Financial & competing interests disclosure
This work was supported by the Swedish Cancer Society, the Swedish Research Council, the Stockholm County Council (research grant ALF) and the Sigrid Jusélius Foundation (JJT). The authors have no other relevant affiliations or financial involvement with any organization or entity with a financial interest in or financial conflict with the subject matter or materials discussed in the manuscript apart from those disclosed.
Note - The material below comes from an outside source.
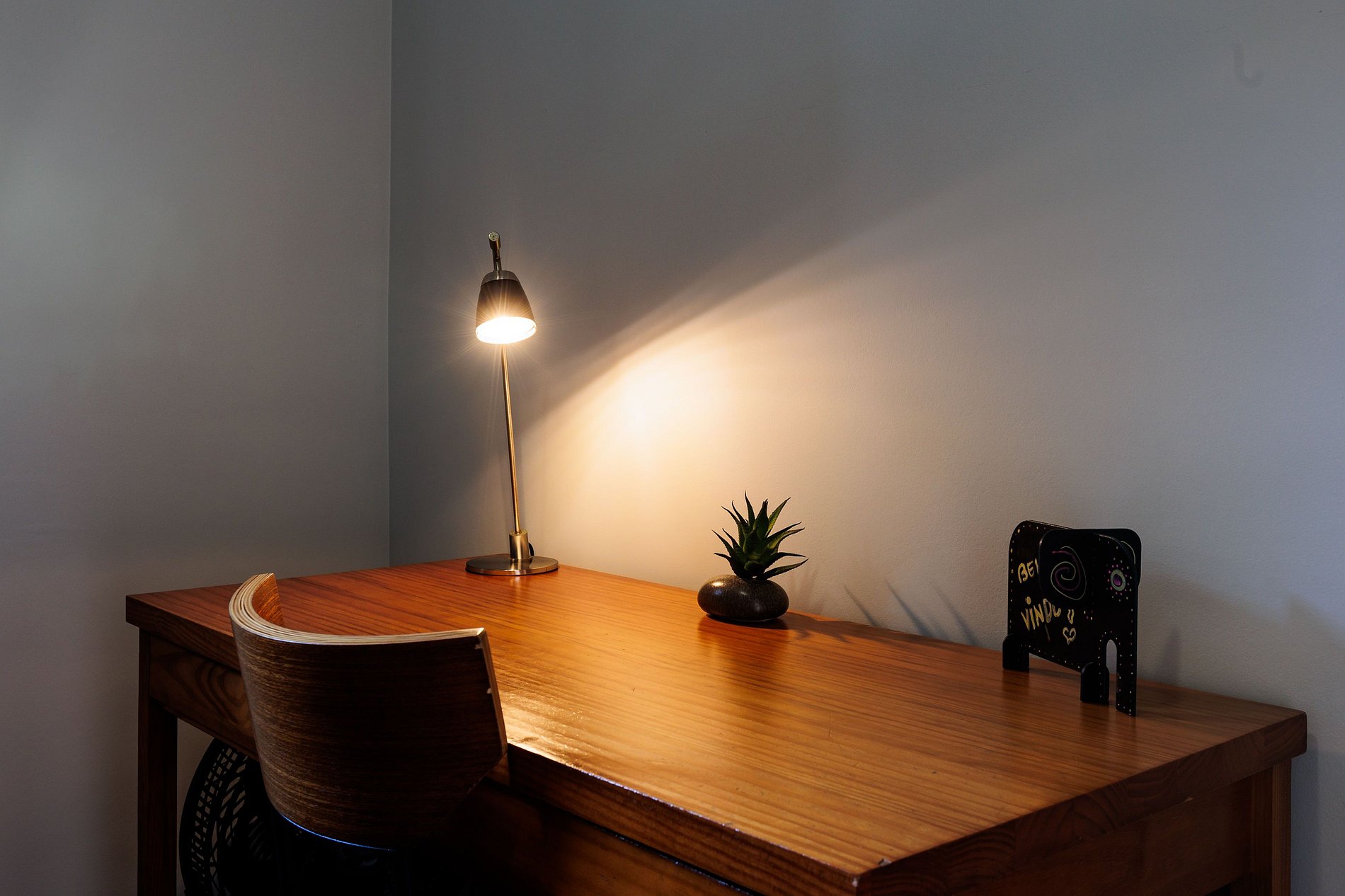 - Primeiro quarto com cama de casal padrão confortável, com armário e mesa adequada para home office, ar condicionado e ventilador de teto, black out nas janelas.

No writing assistance was utilized in the production of this manuscript.
Key issues
• Agammaglobulinemias are primary (inherited) immunodeficiencies characterized by the lack of functional B-cells and antibodies.
• Mutations in 7 genes in the pre-BCR or BCR components or signaling pathway are currently known to cause agammaglobulinemia in humans.
• Known genetic defects do not account for all patients, thus rare forms with novel disease genes are still likely to be found.
• Knocking out genes involved in the B-cell development in mice provides an excellent tool to study the function of the corresponding proteins and provides information about putative human agammaglobulinemia genes.
• Patients with agammaglobulinemia require lifelong treatment with immunoglobulin.
• Curative treatment is possible in theory through gene therapy, by either replacing the affected gene with a functional copy, or by correcting the sequence in the original locus.
• For a number of cases, splicing-based therapies offer an alternative way of correcting the gene expression.
• Targeting the hematopoietic stem cell is an attractive option, but here the issues related to maintenance of these cells in an undifferentiated stage needs to be resolved first.